Es cierto, el amor mueve el mundo.

20 de junio de 2013

Afán

El afán de protagonismo odia a la discreción; especialmente cuando ésta, sin quererlo ni darse cuenta, consigue toda la atención reclamada por él. 

10 de junio de 2013

Geneniève

‘[…] Vivió en sus relaciones amorosas la misma hambre de conocimiento que enriquecía su vida con nuevos retos. Se había enamorado muchas veces. Desde niña acompañó a su abuelo de viaje por todo el mundo. Su primer amor fue Stavros, un músico griego amigo de Theodorakis. Mientras Hans hablaba de Mahler en la universidad, ella recorrió a besos el Egeo. Lloró al despedirse y, a pesar de las promesas de su enamorado de ir a Viena, Geneniève no quería marcharse de Atenas. Cuando Stavros fue a visitarla, a Geneniève se le había olvidado por completo la tierra de los dioses y lo héroes, y estaba enfrascada en un nuevo romance con un guionista de cine que preparaba una versión realista de la famosa emperatriz Sissi, una mujer que a Geneniève no le producía ninguna simpatía. […]

Su fugaz amor se apagó cuando finalizó el rodaje de la película. Después hubo un compañero de clase, un tenor de ópera mediocre –por eso le dejó Geneniève; no toleraba oírle destrozar a Mozart-, un campeón de tenis, un flautista de la Filarmónica de Viena y…La lista seguía. Geneniève vivía todos sus amores plenamente, también en el sentido sexual. Su natural despreocupación y las ideas feministas que asimiló en la universidad no dejaban lugar para falsos remordimientos morales. Disfrutaba sin complejos la libertad de su cuerpo. Sin embargo, Geneniève distaba mucho de seguir al pie de la letra las doctrinas que tantas compañeras suyas defendían ardientemente. Sí, ella también reivindicaba la igualdad de derechos frente al hombre, y necesitaba sentirse libre y autosuficiente. Pero no por ello rechazaba su feminidad, ni se comportaba con espíritu combativo con el sexo opuesto. Le gustaba saberse admirada, cuidar su figura, perfumarse, vestirse con esmero y sentir la suavidad de la seda sobre su piel. Y además seguía soñando con la llegada de su príncipe azul…

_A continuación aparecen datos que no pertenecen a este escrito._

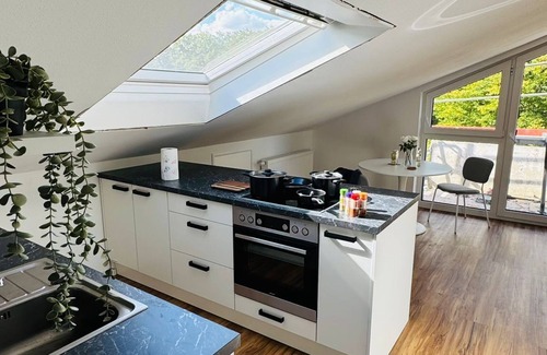 Luxury apartment in Böblingen is located in Boeblingen. Luxury apartment in Böblingen provides accommodation, featuring Bedding/Linens, Wellness Facilities, Fireplace/Heating, among other amenities. This Apartment features Bedding/Linens, Wellness Facilities, Fireplace/Heating, to make your stay a comfortable one.

Geneniève era consciente de que estas ensoñaciones románticas y su necesidad de independencia no cuajaban. Y, en efecto, sus complicadas ansias de amor no llegaban a nada. Sus romances habían sido espejismos. Acaso- pensaba- el príncipe azul no existe más que en las novelas trasnochadas.
Decían que el amor era algo grandioso, algo sobrecogedor, que elevaba a los amantes por encima de la tierra…Y a Geneniève le apetecía andar por la vida con los pies muy pegados al suelo.
         Muchas veces se había llegado a imaginar que ese príncipe soñado estaba junto a ella sentado en un trono. Pero, invariablemente, al abrir los ojos la realidad la devolvía a la normalidad cotidiana, y se encontraba con que su príncipe había perdido su halo mágico y ella dejaba de ser princesa.

          Geneniève fue viendo que todas las caras de sus amantes iban pasando sin dejar huellas en el corazón. Quizá ternura, pero nada más.
          - Nunca me casaré- le decía a Hans-. Odio la rutina de la pareja. Creo que me
            sentiría fatal teniendo que amar a un hombre toda la eternidad. Es como si te
            cortasen las alas. Quiero ser como tú. No casarme nunca. ¿Has sido feliz así?
          Hans la miraba con una sonrisa pícara en los ojos.
          - No me mientas. Conozco cientos de tus aventuras y nunca te has comprometido
            con nadie.
          - Contigo he tenido bastante. ¿No te parece que vivimos bien?
        Y Geneniève pensaba que era verdad. Solos estaban perfectamente bien. Hans era su cómplice en asuntos amorosos. Divertido, observaba con tolerancia los devaneos amorosos de su revoltosa nieta. Vivían una existencia dichosa en torno a conciertos, amores, viajes y trabajo agradable. Geneniève, con veintidós años, se sentía feliz en la maravillosa compañía del hombre más atractivo del mundo: su abuelo.’